By Peter Kenny
GENEVA (AA) - A hub to provide global data, analytics, and decision for all health emergencies can be a contact point between Europe and other continents, especially Africa, German Chancellor Angela Merkel said Wednesday.
Merkel and World Health Organization Director-General Tedros Ghebreyesus inaugurated a new WHO Hub for Pandemic and Epidemic Intelligence based in Berlin.
“We have to realize that the World Health Organization can only be as good as the member states allow it to be by handing or transferring responsibility,” said the German chancellor.
“That is, of course, nothing that the director-general can heal or change.
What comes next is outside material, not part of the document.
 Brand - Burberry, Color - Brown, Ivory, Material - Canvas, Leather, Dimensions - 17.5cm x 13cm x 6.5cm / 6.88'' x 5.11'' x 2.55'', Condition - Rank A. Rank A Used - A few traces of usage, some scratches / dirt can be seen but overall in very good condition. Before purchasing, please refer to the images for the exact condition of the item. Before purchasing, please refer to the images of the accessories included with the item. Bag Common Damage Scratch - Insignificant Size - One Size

But we need who we need the WHO and its global structures, not only when it comes to pandemics.”
Merkel said Germans “take some pride” in that the first PCR test for COVID-19 was developed at the institute housing the hub.
Tedros praised Merkel for her role in establishing the hub and said: “The world needs to be able to detect new events with pandemic potential and to monitor disease control measures on a real-time basis to create effective pandemic and epidemic risk management.
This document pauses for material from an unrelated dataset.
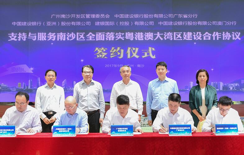建行廣東省分行行長劉軍告訴記者,“南沙區地處粵港澳幾何中心位置,是中央確立的粵港澳合作的重大平台,與南沙區開展粵港澳大灣區建設合作是建行的重要戰略選擇。建行三地四機構將發揮集團優勢,全力支持建設廣州南沙新區城市副中心,支持南沙區航運產業、國際貿易、現代金融等服務建設,打造廣州‘三中心一體系’核心功能區,運用自主創新高端跨境金融服務體系,構建‘一帶一路’城市結合點和重要樞紐。”

“This hub will be key to that effort, leveraging innovations in data science for public health surveillance and response, and creating systems whereby we can share and expand expertise in this area globally.”
- Nobody can do it alone
The WHO chief said: “No single institution or nation can do this alone.”
Germany has contributed an initial investment of $100 million and officials said data sharing is needed, urging China to "be fully cooperative."
It will harness broad and diverse partnerships across many professional disciplines and the latest technology to link the data, tools, and communities of practice to share data and intelligence for the common good.
The hub is part of the WHO’s Health Emergencies Program, having the collaboration of countries and partners worldwide, driving innovations to increase the availability of critical data, developing state-of-the-art analytic tools and predictive models.
These will be used for risk analytics and link communities of practice around the world.
The hub will support the work of public health experts and policymakers in all countries with the tools needed to forecast, detect, and assess epidemic and pandemic risks so they can make rapid decisions to prevent and respond to future public health emergencies.
“Despite decades of investment, COVID-19 has revealed the great gaps that exist in the world’s ability to forecast, detect, assess and respond to outbreaks that threaten people worldwide,” said Dr. Michael Ryan, the head of the WHO’s Health Emergency Program.
“The WHO Hub for Pandemic and Epidemic Intelligence is designed to develop data access, analytic tools and communities of practice to fill these very gaps, promote collaboration and sharing, and protect the world from such crises in the future.”
Dr. Chikwe Ihekweazu, currently the director-general of the Nigeria Center for Disease Control, will lead the WHO hub.
The WHO hub is operating from a center provided by the Charite-Universitatsmedizin Berlin.
It will soon move to a permanent campus at the heart of Berlin in Kreuzberg that will provide a collaborative work environment for the hub’s staff from a wide range of disciplines.